*TASK GOAL*:
For this listing, reproduce the line with "Theo camera của", the line with "Владимиру Сацюку принадлежит: три", and the lines between, exactly as they stand. Leave out pictures and all other lines.

*EXERCISE INPUTS*:
=======

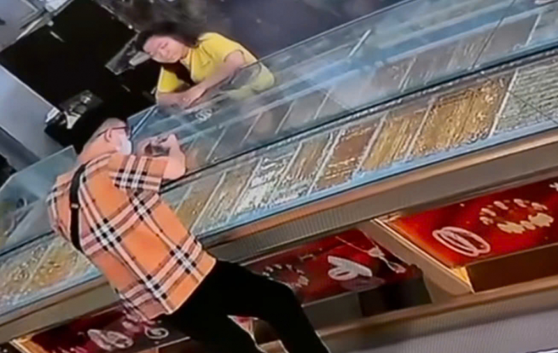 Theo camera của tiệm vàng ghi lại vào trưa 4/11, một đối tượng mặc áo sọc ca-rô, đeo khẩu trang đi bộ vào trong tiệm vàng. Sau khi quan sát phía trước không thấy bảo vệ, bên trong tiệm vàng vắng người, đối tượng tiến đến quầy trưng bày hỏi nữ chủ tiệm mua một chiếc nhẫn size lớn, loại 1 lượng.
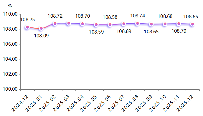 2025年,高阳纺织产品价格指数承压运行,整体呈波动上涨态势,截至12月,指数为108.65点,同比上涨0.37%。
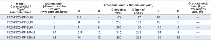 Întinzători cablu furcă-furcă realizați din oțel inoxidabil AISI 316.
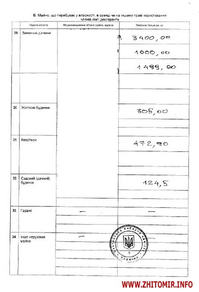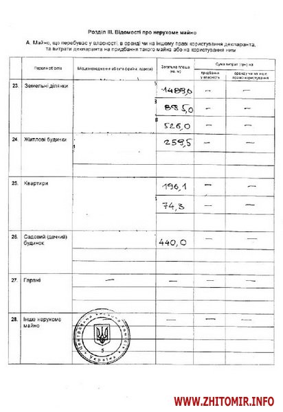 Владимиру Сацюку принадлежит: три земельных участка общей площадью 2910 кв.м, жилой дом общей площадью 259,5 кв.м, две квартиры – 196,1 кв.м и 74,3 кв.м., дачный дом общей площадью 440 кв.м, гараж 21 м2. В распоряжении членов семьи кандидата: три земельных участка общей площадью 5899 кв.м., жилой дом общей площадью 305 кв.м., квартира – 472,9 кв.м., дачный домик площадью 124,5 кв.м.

=======

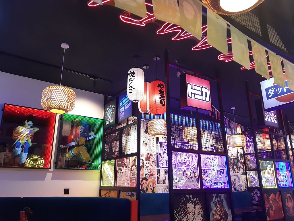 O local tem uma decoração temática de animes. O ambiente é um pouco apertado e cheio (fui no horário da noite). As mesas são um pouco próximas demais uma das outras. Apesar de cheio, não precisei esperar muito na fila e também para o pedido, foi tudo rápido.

=======

*WRITTEN ANSWER*:
 Theo camera của tiệm vàng ghi lại vào trưa 4/11, một đối tượng mặc áo sọc ca-rô, đeo khẩu trang đi bộ vào trong tiệm vàng. Sau khi quan sát phía trước không thấy bảo vệ, bên trong tiệm vàng vắng người, đối tượng tiến đến quầy trưng bày hỏi nữ chủ tiệm mua một chiếc nhẫn size lớn, loại 1 lượng.
 2025年,高阳纺织产品价格指数承压运行,整体呈波动上涨态势,截至12月,指数为108.65点,同比上涨0.37%。
 Întinzători cablu furcă-furcă realizați din oțel inoxidabil AISI 316.
 Владимиру Сацюку принадлежит: три земельных участка общей площадью 2910 кв.м, жилой дом общей площадью 259,5 кв.м, две квартиры – 196,1 кв.м и 74,3 кв.м., дачный дом общей площадью 440 кв.м, гараж 21 м2. В распоряжении членов семьи кандидата: три земельных участка общей площадью 5899 кв.м., жилой дом общей площадью 305 кв.м., квартира – 472,9 кв.м., дачный домик площадью 124,5 кв.м.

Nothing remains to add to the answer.